At this time, Edward was dean of the School of Commerce and professor of economics at the American University at Beirut. From 1920 to 1923 he served as acting president, in the absence of the president. Emma did relief work in Beirut and assisted in reorganizing the University library, and daughter Kathrine taught in the home economics department.  In 1923 Edward had another sabbatical leave and they returned to Illinois, to study library science (Emma) and economics (Edward). They planned that after his retirement they would return to Urbana to live.

Sadly, this was not to happen, as Edward died in 1937 in Beirut. Emma, who was then dean of women at the university, and her daughter, who taught at the school,  returned to Urbana and were much in demand as speakers, telling of their experiences in Syria. As reported in the Belvidere, Illinois, Daily Republican, Emma gave a lecture to schoolchildren in Belvidere in which she told of archeologists she met while in Syria:

History students of Belvidere high school heard interesting anecdotes about archeology from Mrs. Edward Nickoley, former resident of Beirut, Syria, who gave a classroom lecture at 2 p.m yesterday in the high school.

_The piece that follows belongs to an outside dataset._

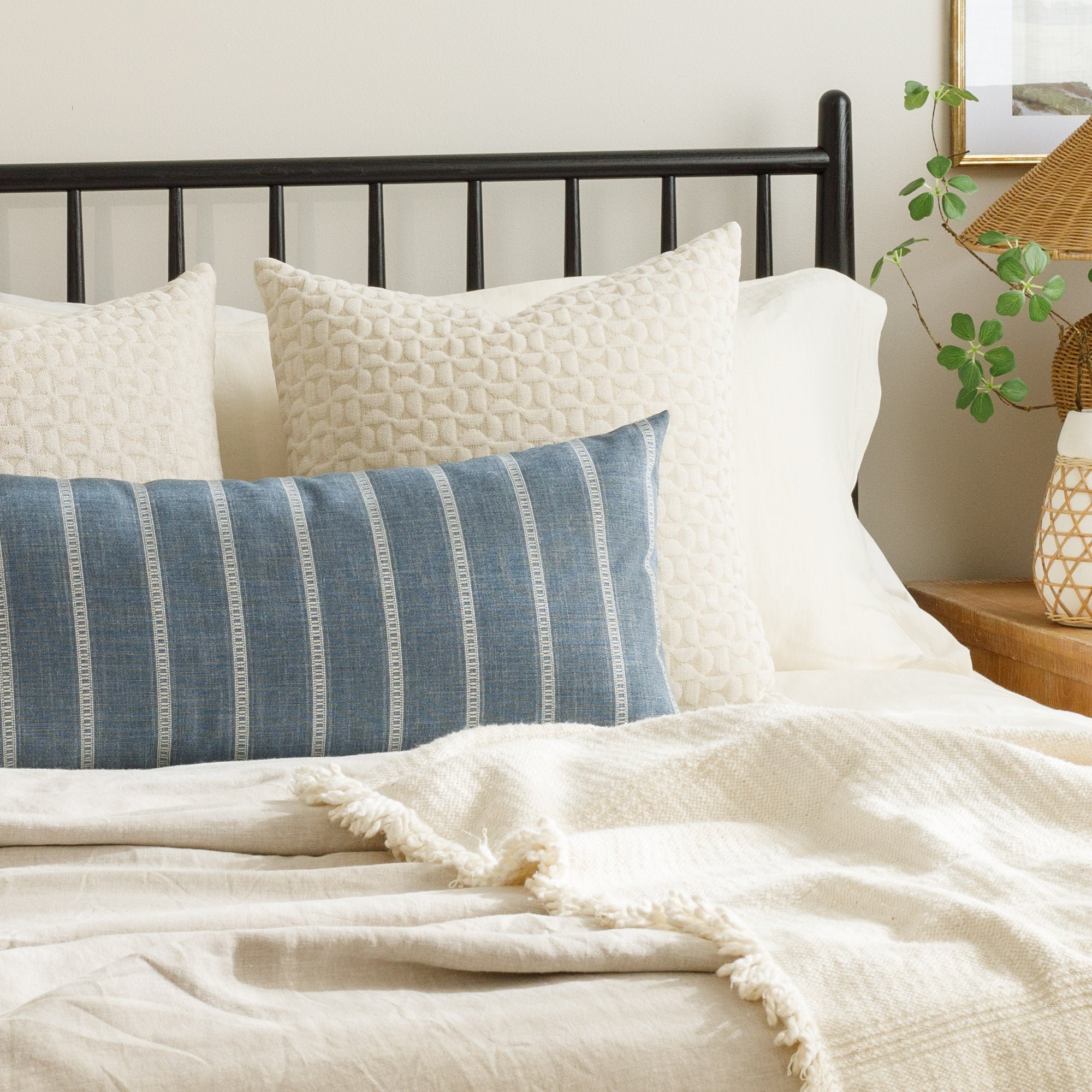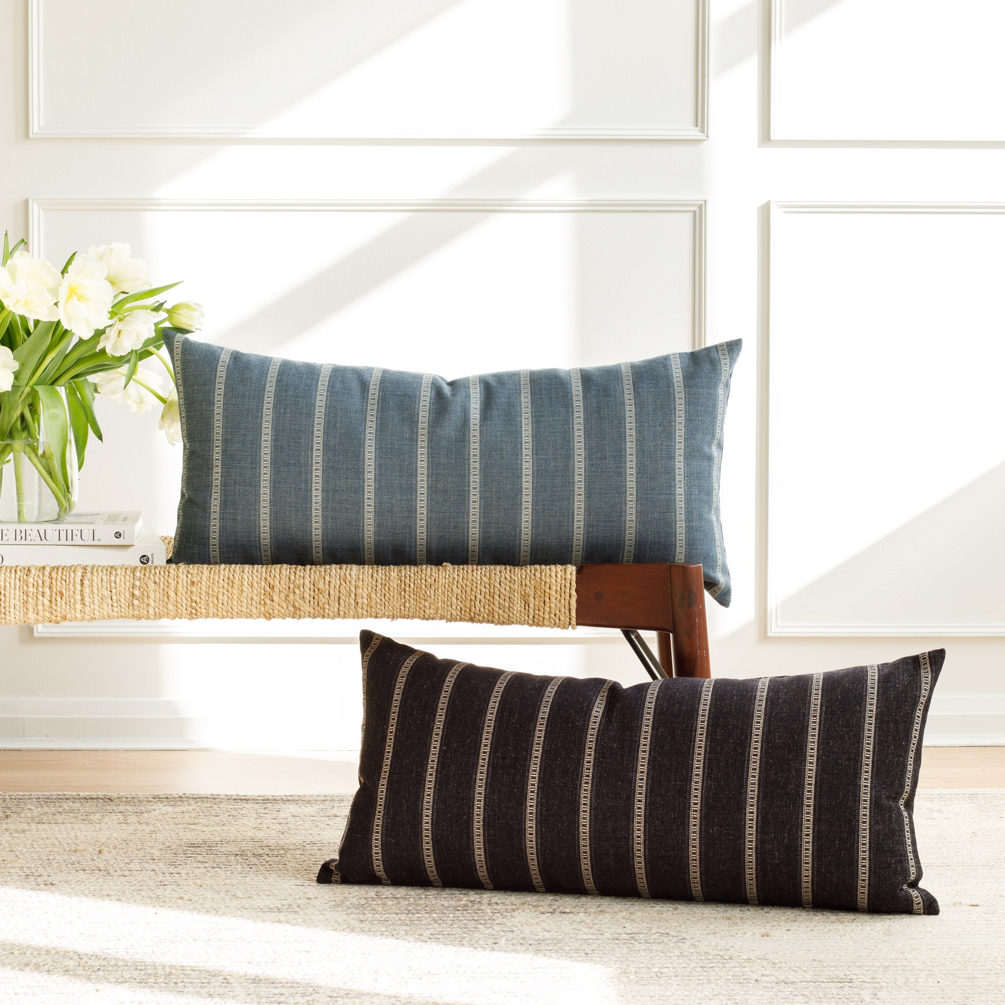 How to use it: We created these Extra Large Lumbars to work perfectly on beds, large sofas or banquette seating. Depending on your bed size, simply use one on its own, or layer it in front of a pair of coordinating 22x22 or 20x20 pillows to create an easy, tied together look.

Mrs. Nickoley explained the work of noted archeologists who she had met in Syria during her 34-year-residence at the Beirut college where her husband was professor. She described the work of James Henry Breasted of Rockford, who is considered one of the most outstanding men in his field.

Other archeologists included in Mrs. Nickoley’s talk included Lord and Lady Petrie, famous British scientists; Gertrude Bell, T. E. Lawrence, who is the author of “The Seven Pillars of Wisdom,” and Leonard Wooley.

Mrs. Nickoley knew these scientists personally. Lady Petrie gave her a priceless vase that is 2,000 years old. Mrs. Nickoley displayed the vase and other archeological specimens.

Sometime between 1958 and 1966, Emma moved from Urbana to Minnesota. She died in Rochester, Minnesota, in January, 1972, at the age of 97.